▸ Your objective
Pictures stay out of the copy. Retype exactly the lines below from the one with "Pirinç Gold Renk" through the one with "I wanted to".
[Opening Information shown section]
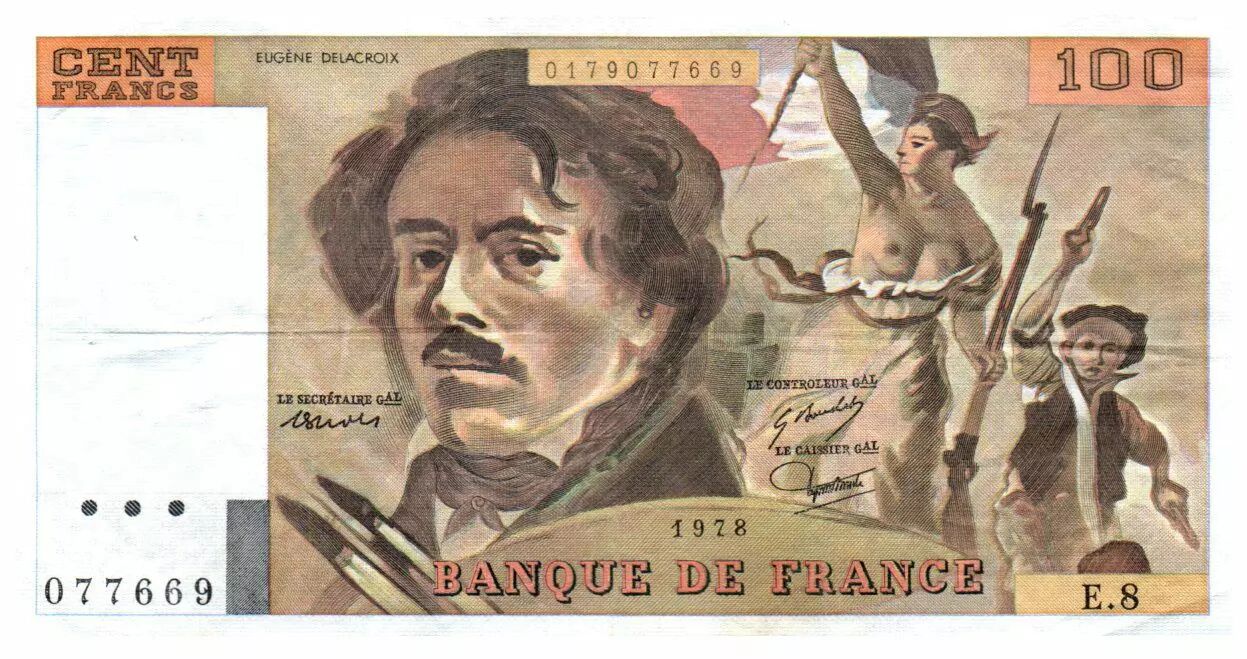 Accueil > Billets Français > Billets Banque de France > Billets 100 Francs > Delacroix type 1978 (1978-1995) > France 100 Francs Delacroix - 1978 Série E.8 - Grand filigrane - TTB
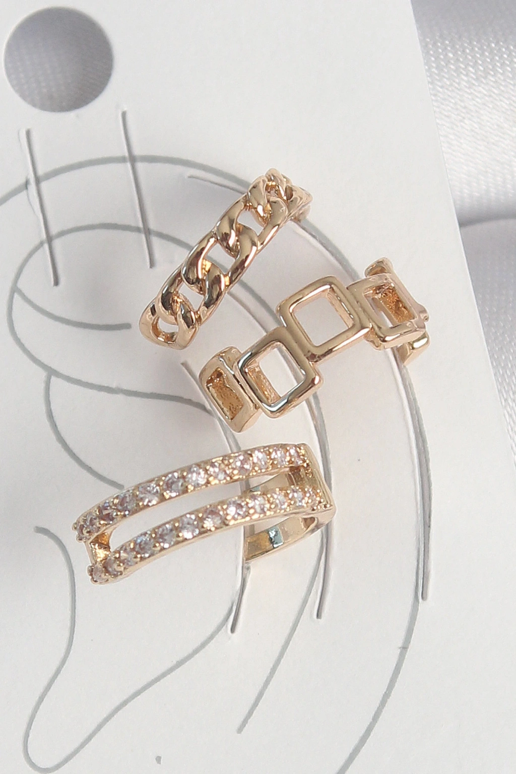 Pirinç Gold Renk Zirkon Taşlı Kare Zincir Model Kadın Kıkırdak Küpe
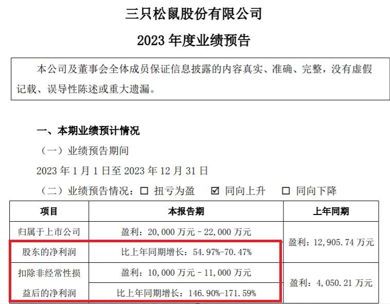 根据不久前披露的2023年业绩预告显示,三只松鼠去年净利润在2亿元以上,同比增长超50%;扣非后净利润在一亿以上,同比增长超过150%。
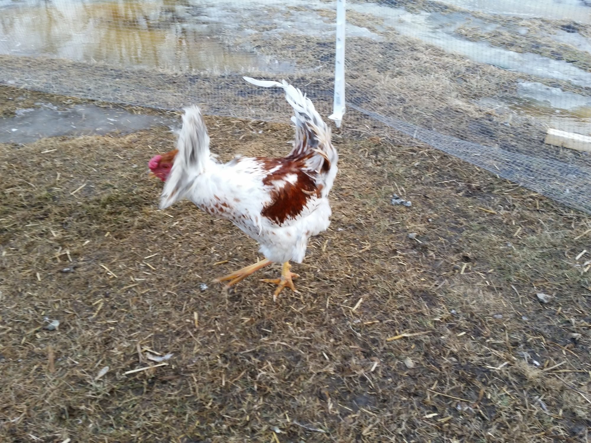 I wanted to get a good pic of one of my roosters a couple of weeks ago, but he turned just as I took it...and I got this.![]()
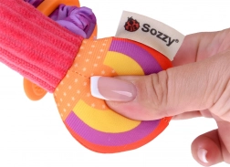 Mäkké textílie a rebrovaná rukoväť uľahčujú držanie a trasenie, čím podporujú jemnú motoriku aj koordináciu ruka–oko.
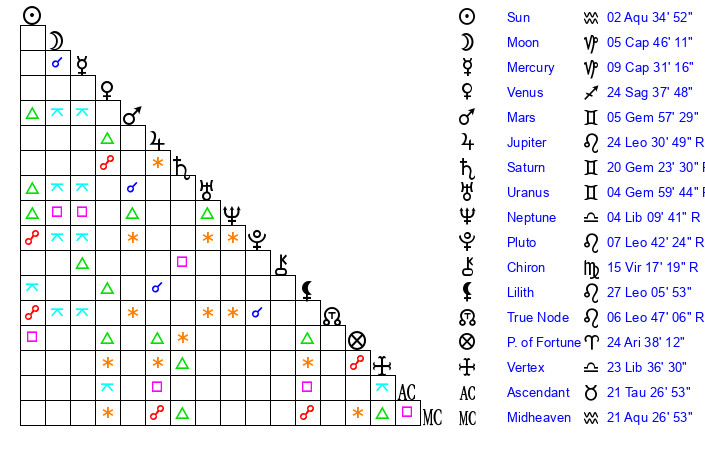 | Saturn | 20 Gemini 44 | 16 Pisces 29 | 22 Gemini 29 |
[Closing Information shown section]
▸ Solution to the problem
 Pirinç Gold Renk Zirkon Taşlı Kare Zincir Model Kadın Kıkırdak Küpe
 根据不久前披露的2023年业绩预告显示,三只松鼠去年净利润在2亿元以上,同比增长超50%;扣非后净利润在一亿以上,同比增长超过150%。
 I wanted to get a good pic of one of my roosters a couple of weeks ago, but he turned just as I took it...and I got this.![]()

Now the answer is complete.